Liza’s face turned as white as snow as her hand sprang to her stomach. She resembled a deer caught in headlights.

I whispered, “Your wife doesn’t seem to agree with you,” “I’m going to assume that your adorable children don’t resemble you in the slightest, Chris. Do you believe that they inherit their mother’s traits?

I’d obviously touched a nerve. Chris turned to scowl at Liza, his face burned redder than a ripe tomato.

“Babe,” she said in a tremulous murmur. It isn’t what you believe. I cherish you. I genuinely adore you.

I cocked my head, examining them both as though they were interesting species. “Yes, you do. Apparently, though, he is not the source of those babies. To be honest, I don’t blame you; it could have been easier to simply visit a sperm bank, but at least you managed to silence him about having children.”

The quiet was overwhelming. My ex’s swaggering confidence vanished, and he appeared like a young boy who had lost his mother in a busy store.

He mumbled, “The kids…” “My kids…”

“Whose kids?” I inquired politely and softly.

At that moment, Liza began to cry—those silent tears that appear when everything changes around you. Black streams of mascara trickled down her cheeks.

With an almost audible voice, he asked her, “How long?” “How long have you been lying to me?”

As if the world had timed it just, a nurse opened the door, pointed to me, and exclaimed: “Ma’am? Your first ultrasound is scheduled.

It was the ideal irony. My ex’s world fell apart like a house of cards, and here I was, finally getting to see my baby.

We left them in a stillness so oppressive it could shatter glass as we went together toward that door.

I didn’t turn around. Why would I?

After three weeks, I was folding little onesies when my phone buzzed.

My blood ran cold when I saw that the caller ID was Chris’s mother.

“Do you realize what you’ve done?” When I replied, Chris’s mother let out a cry. “He underwent paternity testing! He doesn’t have any of those kids! Not one! He’s divorcing that chick now! He has kicked her out while she is eight months pregnant.

I responded gently, “That sounds difficult,” as I looked at a small yellow sleeper with ducks on it.

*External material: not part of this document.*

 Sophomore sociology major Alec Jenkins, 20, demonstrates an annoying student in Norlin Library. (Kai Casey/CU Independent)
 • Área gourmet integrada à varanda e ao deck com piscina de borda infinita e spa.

“Hard? Everything was damaged by you! “He cherished those kids!”

“Well, if he’d gotten tested years ago instead of blaming me for his problems, he wouldn’t be in this situation, would he?” My voice was as quiet as still water as I answered. “Seems to me more like Chris just got a healthy dose of karma.”

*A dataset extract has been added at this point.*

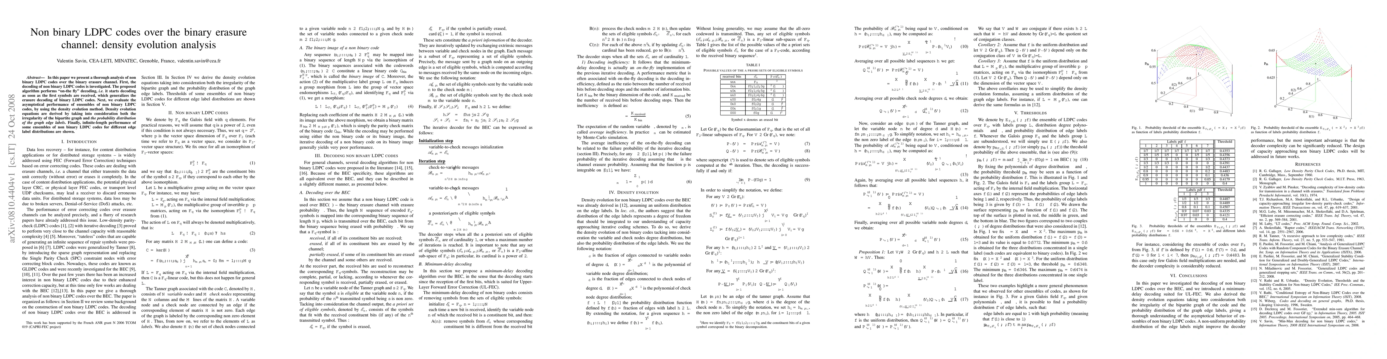 In this paper we present a thorough analysis of non binary LDPC codes over the binary erasure channel. First, the decoding of non binary LDPC codes is investigated. The proposed algorithm performs on-the-fly decoding, i.e. it starts decoding as soon as the first symbols are received, which generalizes the erasure decoding of binary LDPC codes. Next, we evaluate the asymptotical performance of ensembles of non binary LDPC codes, by using the density evolution method. Density evolution equations are derived by taking into consideration both the irregularity of the bipartite graph and the probability distribution of the graph edge labels. Finally, infinite-length performance of some ensembles of non binary LDPC codes for different edge label distributions are shown.

“You’re evil,” she shot back. “You destroyed an innocent family.”

I blocked her number after hanging up. Then, with baby clothes and hope all about me, I sat in the nursery and laughed until my eyes welled up with tears.

I felt the familiar flutter of warmth as I rubbed my expanding stomach.

My darling. The child I’d longed for for years, and the indisputable evidence that I was never the issue.

Sometimes the most destructive weapon you have is the truth. Justice can sometimes speak in your voice and wear your face.

Living a good enough life that when your past tries to harm you, it ends up destroying itself is sometimes the best kind of retaliation.